### Work to be completed
Pictures left aside, return the lines below exactly, from the one with "Imagínate que estás" to the end, including both ends.

--- Data section ---

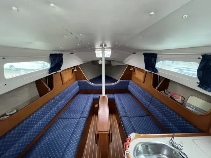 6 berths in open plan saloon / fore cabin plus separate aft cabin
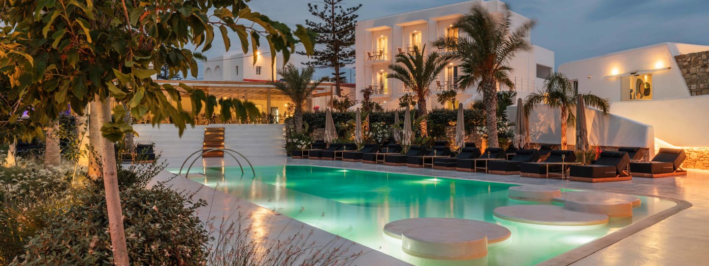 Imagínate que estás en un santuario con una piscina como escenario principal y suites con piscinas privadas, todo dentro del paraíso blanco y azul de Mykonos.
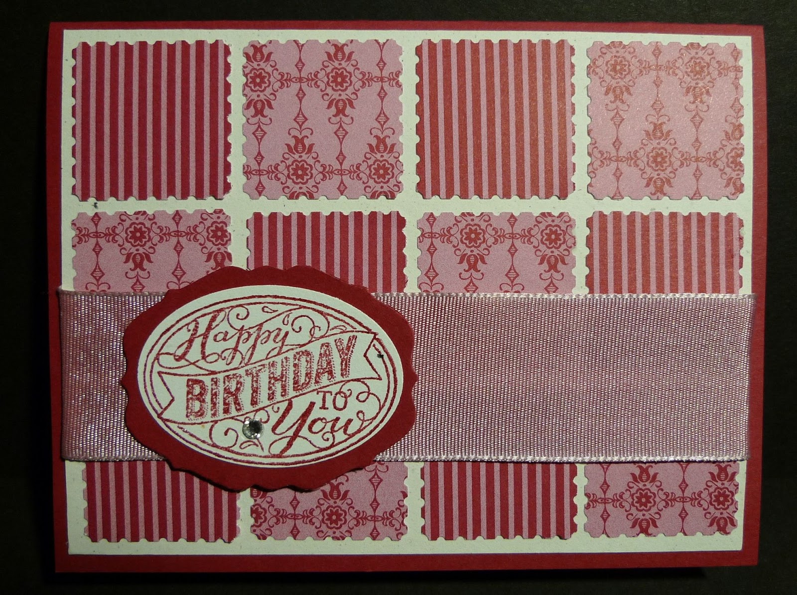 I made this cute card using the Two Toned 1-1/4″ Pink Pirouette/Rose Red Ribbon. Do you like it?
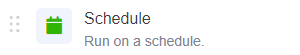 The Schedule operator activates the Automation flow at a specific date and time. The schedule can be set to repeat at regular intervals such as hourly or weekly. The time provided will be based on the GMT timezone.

---

### Output below
 Imagínate que estás en un santuario con una piscina como escenario principal y suites con piscinas privadas, todo dentro del paraíso blanco y azul de Mykonos.
 I made this cute card using the Two Toned 1-1/4″ Pink Pirouette/Rose Red Ribbon. Do you like it?
 The Schedule operator activates the Automation flow at a specific date and time. The schedule can be set to repeat at regular intervals such as hourly or weekly. The time provided will be based on the GMT timezone.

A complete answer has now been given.